In this project, you are going to find optimal pathways through a maze. A maze will be represented by a text file of space characters, X's, and O's. The X's are walls, and the O's are "coins". For example, here's a 9-by-15 maze:

      X O     O X
X O   X X   X XOX
X     X X X    OX
X           X   X
X      OX O   X  

The input to your program will be a maze like that one, piped into standard in. Your program will read in this maze and produce a sequence of "moves" starting at the top-left corner that will produce the maximum score, hopefully ending up at the bottom-right corner. Each move is either U, D, R, or L, corresponding to each of those four directions. And don't worry; I've written the I/O stuff for you, so all you need to write is a single function which takes in a 2-dimensional array that represents the maze, and returns a list of moves.

2 Awesome graphical interface

For your convenience, I have made a program to show this process a little more graphically for you. Here is how the maze above looks if you save it as maze.txt run

python3 maze.txt:

Sample maze

Sample maze

You can see that the blue diamond represents the current position. This maze can now be solved manually, with the points updated as you go. To analyze the performance of your program it will be more useful to run an existing file of moves through the given maze.

Here is a list of moves to solve that maze; probably not the optimal solution, but a fine one nonetheless:


(Note that whitespace in this output does not matter.) The moves above might be the output from your maze solving program. If the text above were saved as moves.txt, and you ran

python3 moves.txt

then you would see an exciting animation, which concludes with

Sample maze with moves

Sample maze with moves

This shows the path of all the moves, with the blue diamond in the correct final position and having earned a hefty sum of points.

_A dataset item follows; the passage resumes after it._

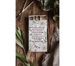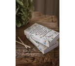 Tulitikkuaski tekstillä. Kauniisti keväinen kuvitus, pitkät tulitikut ja ruskeat tulitikunpäät. Ihana yksityiskohta kotiin tai täydellinen lisä lahjaan.
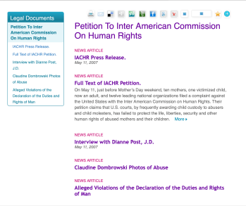 In this post, and by looking at prior posts which mentioned it, I again ran across Bancroft’s public lectures (for not being “peaceful” enough) against a known battered mother he felt was attacking a different formerly battered mother who happened to be helping promote (sell) his books on the “protective mothers” circuit, while this “circuit” fails to reveal that Bancroft was also working the “fatherhood” circuit. This topic reminded me of how the mother he was upset about, who I’d met and at the time knew (we were parallel blogging with some others) had a petition to an international commission on human rights violations by the United States, specific to this topic (i.e., in the family courts). I spoke out at the time, and I’m reviewing just how many DV organizations signed onto the petition that preceded it, Jessica Lenahan (Gonzales), by just a few months. Such women have often gone through hell, long-term.

NOTE: The above picture is inaccurate because it hasn't found all the coins, so actually the score would be much less and it would not be green. (Dr. Roche needs to fix this...)

3 Points

The goal of your program is to solve the maze and earn the mazimal number of points in the process. Here is how points are awarded, for a maze with height \(h\) and width \(w\):

  • You start with \(2wh\) points.
  • Every move decreases your point total by 1.
  • Picking up a O coin earns you \(2wh\) points.
  • Arriving at the bottom-right corner finishes the maze and earns \(2wh\) points, but you can't finish until you've picked up all the coins.
  • If you run into a wall, go out of bounds, or run out of moves, the maze is over and your point total is whatever it is at that moment.

So for example, in the 9 by 15 maze above, the starting point total shown is \(9\cdot 15 = 135\) points. The series of moves contains a total of 38 movements, which finds 4 coins, and the finish line. So the final point total is

\[135 - 38 + 4\cdot 27 + 270 = 475\]

NOTE: The score above is inaccurate because it hasn't found all the coins, so actually the score would be much less. (Dr. Roche needs to fix this...)

4 Other helper programs

There are 2 more Python programs I've written to help you develop and debug your code:

  • This program generates random mazes for you. Run python3 without any arguments to get a run-down of how the program is used. For instance, the example above was generated by running

    python3 15 9 rPrims

  • This runs a set of moves through a given maze and produces the final score, without any of the graphical niceties. This is how your programs will be auto-tested. You just run

    python3 maze.txt moves.txt

    (where maze.txt and moves.txt are text files that store the maze description and list of moves, respectively), and the output is some informational messages, followed by the final total score for that list of moves.

5 Starter Code

You can get all these files at once by downloading the file proj3.tar.gz and running tar xzvf proj3.tar.gz

The only thing you need to write is the calcMoves() method in solvemaze.XXX. You can use Python, C++, or Java, as you like. Please don't modify the helper scripts,, or

6 Grading

Your program will be tested on a variety of maze files ranging from the smallest possible mazes like 10x1 and 3x4 mazes, all the way up to a 1000x1000 maze. The test mazes will vary in size as well as their structure (how many walls they have). However, you are promised that:

  • The start will always be in the second row, first column.
  • The end will always be in the second-to-last row, last column.
  • There will always be a way to get all the coins..
  • There will always be exactly 10 coins.

This is how the generated mazes work, so those would be good examples to use for testing.

I will only run your solvemaze program, which should output a list of moves for the given input maze. You should only submit one solvemaze.XXX file, depending on the programming language you have chosen to implement your program.

Your program will be allowed a maximum of 3 seconds on each imput maze file. After this, your program will be terminated and any moves that have been output so far are the ones that will be tested.

After running your program on each maze, I will use the program, along with that maze file, to find out how many points your "moves" score. Say your moves score \(x\) points. After looking at all of the sumbissions, as well as my sample solutions, I will also get the maximum number of points any of them score on that maze file, which I will call \(m\). Your grade for that maze will be determined from the ratio \(\frac{x}{m}\) of your points divided by the maximum number of points for that maze. There will be bonus points available on every sample maze, if you get the maximum number of points (or close to it).

As usual, besides these auto-tests, your program will also be graded on readability, documentation, and code organization. Follow the "coding guidelines" outlined at the beginning of this page.